**What to produce**
Retype each line of the material exactly, please, skipping any picture in it.

**Given data**
________________________

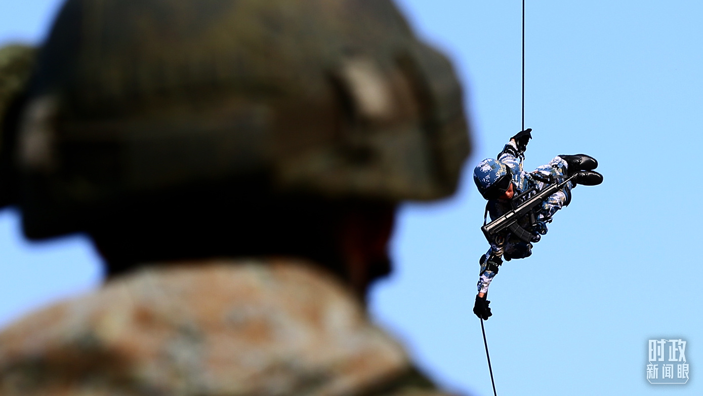 △2016年,廣東湛江某訓(xùn)練場(chǎng),中國(guó)陸戰(zhàn)隊(duì)員實(shí)施高空滑降。(總臺(tái)國(guó)廣記者李晉拍攝)
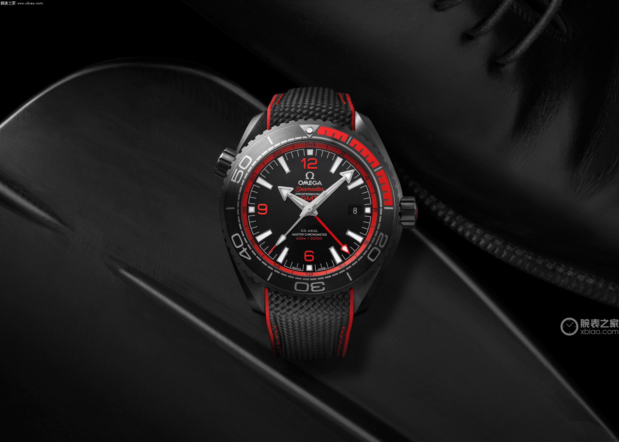 The black ceramic dial features a GMT bezel with red Arabic numerals, while the hands and indexes are made of 18K white gold with a white Super-LumiNova finish. Another OMEGA innovation is the directional caseback, which allows the engraving to be in place, made possible by the use of OMEGA's new ceramic "Naiad Lock".
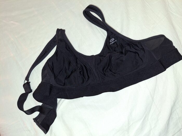 Questo reggiseno sportivo ha la fascia in basso che circonda il torace che si è smollata quindi se a qualcuno interessa e me lo dice entro poco lo regalo .
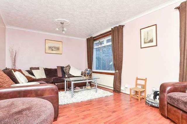 Set to the rear, off the ground-floor hallway, this large living room offers ample dining space and benefits from natural light provided by a window and rear door. Features include wood-effect laminate flooring, two radiators, plain coving, ceiling light fittings and cable TV and telephone points.
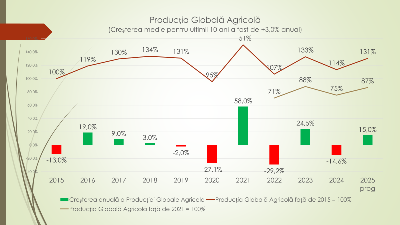 Producția industrială este estimată să crească în 2025 cu 4,5%, după trei ani de declin. Chiar și așa, nivelul producției industriale va rămâne la aproximativ 92% față de maximul istoric din 2021, iar în ultimii zece ani creșterea cumulată a fost de doar 8%, o evoluție catalogată drept îngrijorătoare. În agricultură, după o scădere accentuată în 2024, este anticipată o recuperare de circa 15% în 2025. Expertul atrage însă atenția asupra dependenței excesive de condițiile climatice, subliniind necesitatea dezvoltării zootehniei și a procesării produselor agricole cu valoare adăugată înaltă, pentru a reduce vulnerabilitatea sectorului.
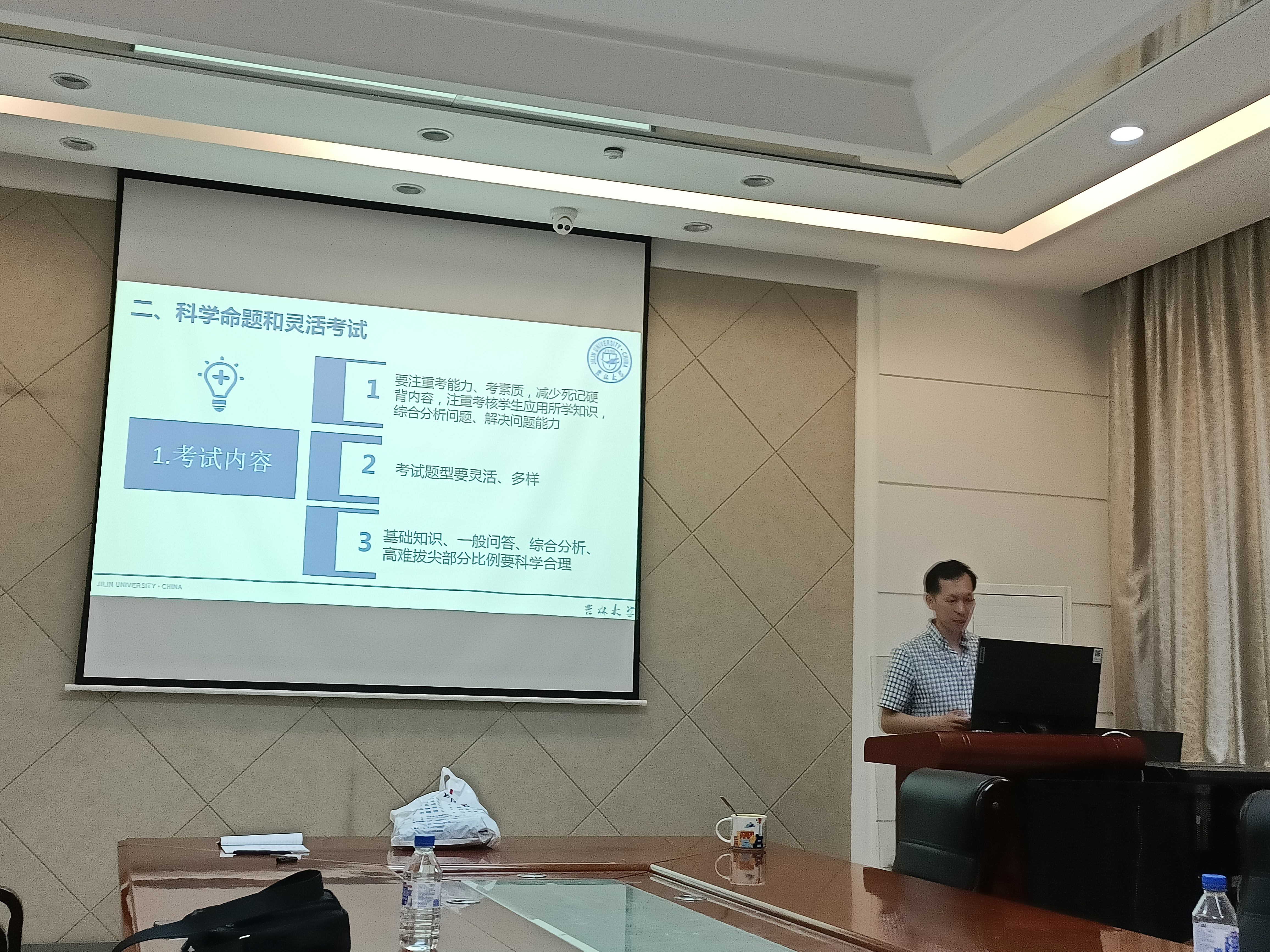 公司教学办公室主任刘成柏首先以新修订的《太阳成集团tyc234cc本科课程考核管理办法》(校教字﹝2020﹞123号)为指导,从考前工作布置及教育动员、科学命题和灵活考试、考务组织安排、考风考纪、阅卷工作等五个环节,对考试相关工作做了详细、具体的讲解,并对考试题型、试题内容及考核方式、考试改革的要求和建议做了全面地阐述。按照公司要求,对监考、巡考的工作提出明确要求,在本次期末考试中要遵循“预防在先,惩戒在后”的原则,做到严肃考纪、端正考风,严禁出现违纪、作弊行为;要求阅卷工作公平、公正且及时,从而确保考试平稳、诚信、公平地进行。校级教学督导专家杨德胜以优秀试卷评阅案例为基,充分详实地讲解了试卷设计、题型结构、评阅规则、赋分要求、试卷复核、成绩分布与登录以及试卷分析填写等方面的内容,重点强调了历年来公司组织试卷复查中发现的典型问题,提倡阅卷科学规范,成绩公平公正。员工工作办公室主任张春阳重点强调了公司对员工关于加强考风考纪的具体要求,并明确了考场违纪处理的规则、方式以及注意事项。

________________________

**Reply**
 △2016年,廣東湛江某訓(xùn)練場(chǎng),中國(guó)陸戰(zhàn)隊(duì)員實(shí)施高空滑降。(總臺(tái)國(guó)廣記者李晉拍攝)
 The black ceramic dial features a GMT bezel with red Arabic numerals, while the hands and indexes are made of 18K white gold with a white Super-LumiNova finish. Another OMEGA innovation is the directional caseback, which allows the engraving to be in place, made possible by the use of OMEGA's new ceramic "Naiad Lock".
 Questo reggiseno sportivo ha la fascia in basso che circonda il torace che si è smollata quindi se a qualcuno interessa e me lo dice entro poco lo regalo .
 Set to the rear, off the ground-floor hallway, this large living room offers ample dining space and benefits from natural light provided by a window and rear door. Features include wood-effect laminate flooring, two radiators, plain coving, ceiling light fittings and cable TV and telephone points.
 Producția industrială este estimată să crească în 2025 cu 4,5%, după trei ani de declin. Chiar și așa, nivelul producției industriale va rămâne la aproximativ 92% față de maximul istoric din 2021, iar în ultimii zece ani creșterea cumulată a fost de doar 8%, o evoluție catalogată drept îngrijorătoare. În agricultură, după o scădere accentuată în 2024, este anticipată o recuperare de circa 15% în 2025. Expertul atrage însă atenția asupra dependenței excesive de condițiile climatice, subliniind necesitatea dezvoltării zootehniei și a procesării produselor agricole cu valoare adăugată înaltă, pentru a reduce vulnerabilitatea sectorului.
 公司教学办公室主任刘成柏首先以新修订的《太阳成集团tyc234cc本科课程考核管理办法》(校教字﹝2020﹞123号)为指导,从考前工作布置及教育动员、科学命题和灵活考试、考务组织安排、考风考纪、阅卷工作等五个环节,对考试相关工作做了详细、具体的讲解,并对考试题型、试题内容及考核方式、考试改革的要求和建议做了全面地阐述。按照公司要求,对监考、巡考的工作提出明确要求,在本次期末考试中要遵循“预防在先,惩戒在后”的原则,做到严肃考纪、端正考风,严禁出现违纪、作弊行为;要求阅卷工作公平、公正且及时,从而确保考试平稳、诚信、公平地进行。校级教学督导专家杨德胜以优秀试卷评阅案例为基,充分详实地讲解了试卷设计、题型结构、评阅规则、赋分要求、试卷复核、成绩分布与登录以及试卷分析填写等方面的内容,重点强调了历年来公司组织试卷复查中发现的典型问题,提倡阅卷科学规范,成绩公平公正。员工工作办公室主任张春阳重点强调了公司对员工关于加强考风考纪的具体要求,并明确了考场违纪处理的规则、方式以及注意事项。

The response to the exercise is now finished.